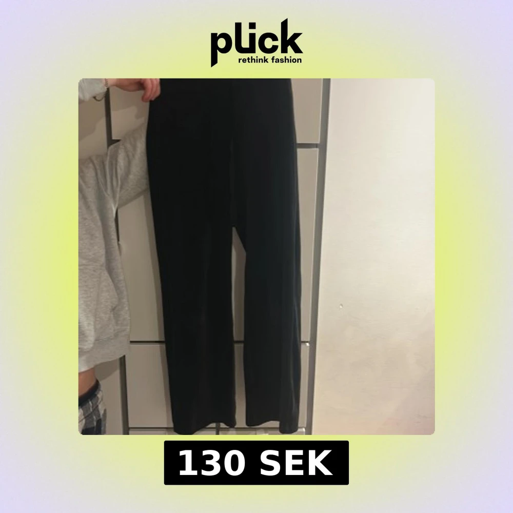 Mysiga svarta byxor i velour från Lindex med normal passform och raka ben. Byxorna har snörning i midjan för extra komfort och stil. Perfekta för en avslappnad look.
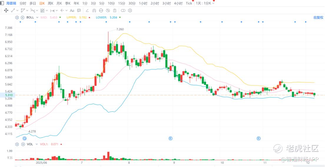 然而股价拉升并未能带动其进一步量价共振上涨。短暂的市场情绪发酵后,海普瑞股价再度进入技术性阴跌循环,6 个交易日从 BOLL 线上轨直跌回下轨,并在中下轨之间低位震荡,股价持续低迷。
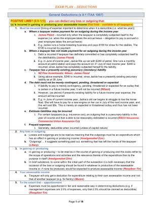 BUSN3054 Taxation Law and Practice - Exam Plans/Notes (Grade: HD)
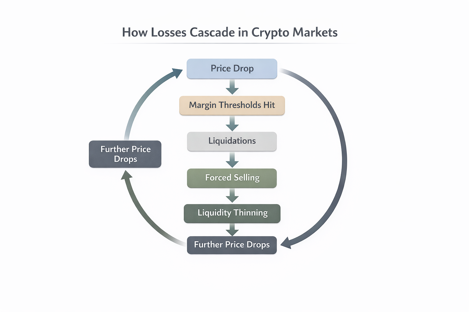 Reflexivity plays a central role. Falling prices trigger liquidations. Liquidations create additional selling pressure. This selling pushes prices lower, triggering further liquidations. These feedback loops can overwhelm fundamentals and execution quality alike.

━━━━━━━━━━

_EXERCISE PROMPT_
A verbatim retyping of the listing, without any pictures, is the expected answer.

_YOUR SOLUTION_
 Mysiga svarta byxor i velour från Lindex med normal passform och raka ben. Byxorna har snörning i midjan för extra komfort och stil. Perfekta för en avslappnad look.
 然而股价拉升并未能带动其进一步量价共振上涨。短暂的市场情绪发酵后,海普瑞股价再度进入技术性阴跌循环,6 个交易日从 BOLL 线上轨直跌回下轨,并在中下轨之间低位震荡,股价持续低迷。
 BUSN3054 Taxation Law and Practice - Exam Plans/Notes (Grade: HD)
 Reflexivity plays a central role. Falling prices trigger liquidations. Liquidations create additional selling pressure. This selling pushes prices lower, triggering further liquidations. These feedback loops can overwhelm fundamentals and execution quality alike.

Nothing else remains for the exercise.